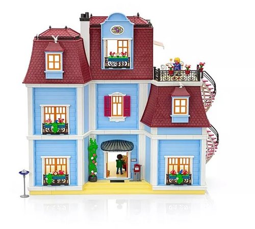 Con terraza en la azotea, escaleras de caracol, tiembre que funciona (necesita pilas 2 x AAA no incluidas) y buzón. Se puede combinar con las seis habitaciones para amueblar 70206 - 70211. Dimensiones: 68 x 36 x 62 (LxPxA)
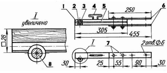 Выстругайте бимсы - четыре бруска сечением 75x30 мм и длиной 1380 мм. Оптимизируйте их массу, сострогав "на ус" концы (рис. 3). Положите бимсы на стрингеры и также пометьте: первый от носа бимс слева - "Л1, справа - "П1". Второй - "Л2" и "П2". И так далее. Просверлите отверстия - такие же, как в стрингерах. Сделайте подрундучники: носовые - сечением 58x24 мм и длиной 1010 мм, кормовые - сечением 45x23 мм и длиной 770 мм. Пометьте их какими-либо надписями.
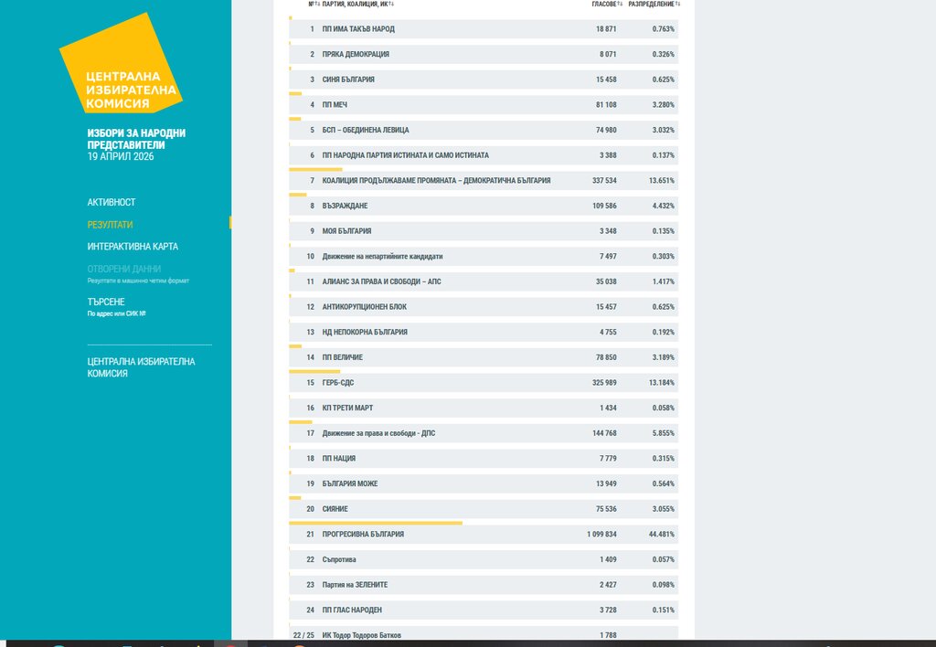 В цялата страна за "Прогресивна България" са гласували 1 099 834 души, което им дава 44.481% подкрепа, става ясно при обработени 78.24% СИК протоколи в РИК.
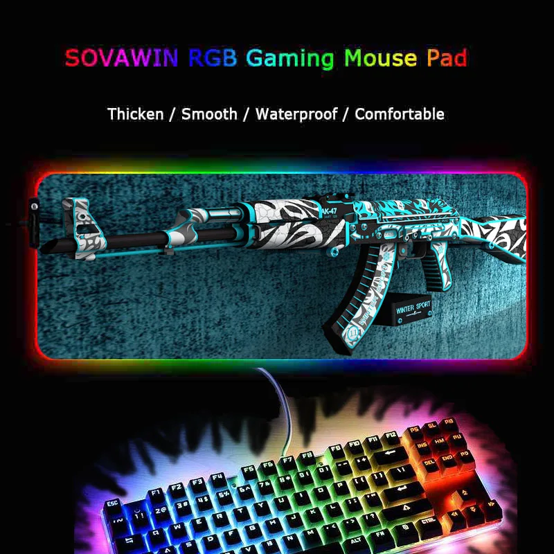 Игровой проводной коврик для мыши XGZ Gun с RGB подсветкой, USB, CSGOj
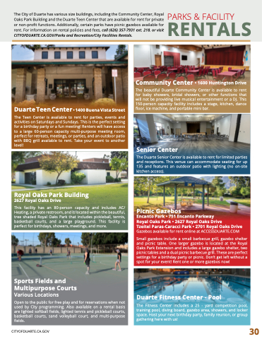 CITYOFDUARTE.CA.GOV/Parks and Recreation/City Facilities Rentals.
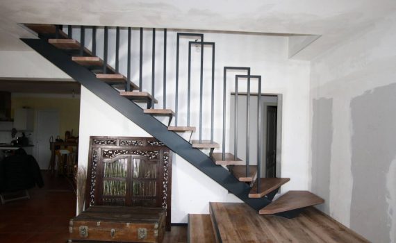 Escalier en fer limon central et marche en hévéa avec rampe en fer sur la commune des Beaux de Provence.
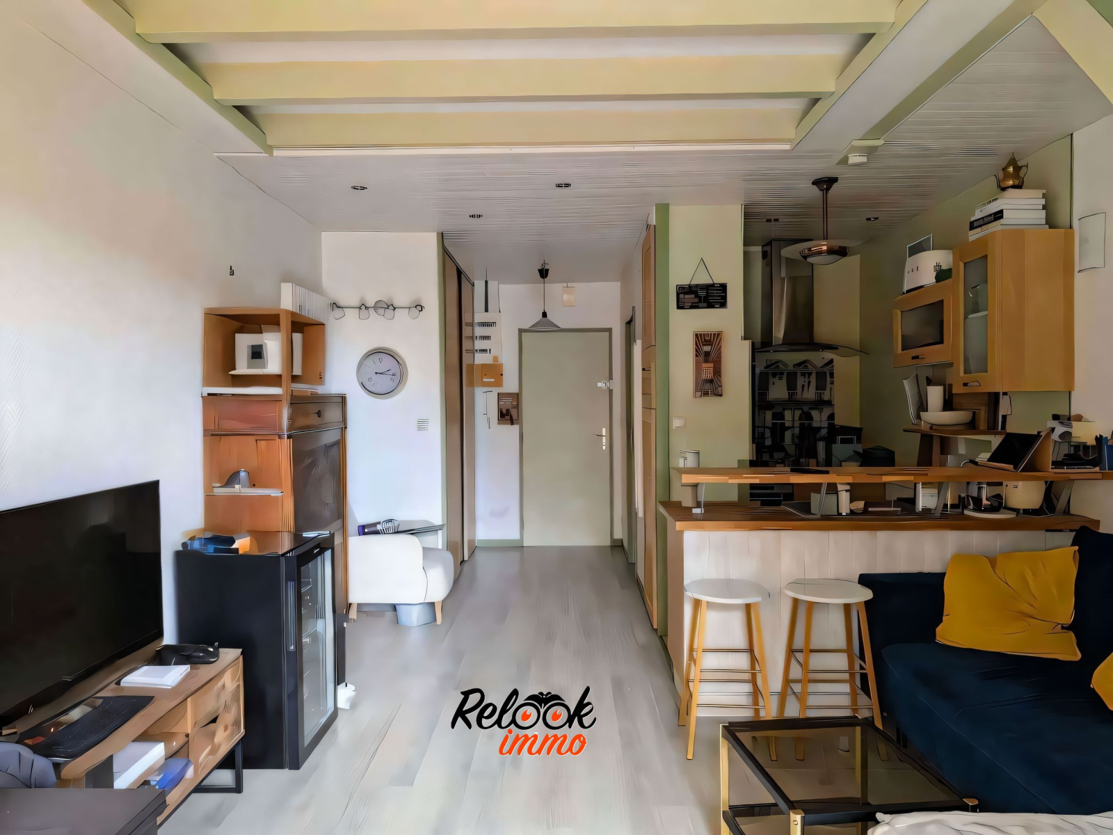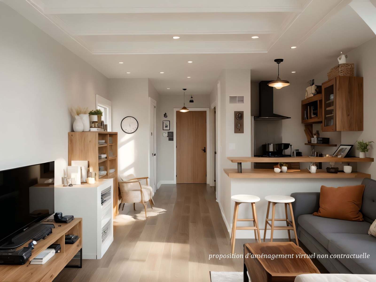 Il se compose au premier niveau d’une entrée avec placard, d’un séjour lumineux donnant sur une terrasse de 9 m², d’une cuisine aménagée et équipée ainsi que d’un WC indépendant.

################

Work to complete >>
Every line from the one that holds "Escalier en fer" to the end of the listing should be output exactly, with pictures left out, please.

Exercise answer >>
 Escalier en fer limon central et marche en hévéa avec rampe en fer sur la commune des Beaux de Provence.
 Il se compose au premier niveau d’une entrée avec placard, d’un séjour lumineux donnant sur une terrasse de 9 m², d’une cuisine aménagée et équipée ainsi que d’un WC indépendant.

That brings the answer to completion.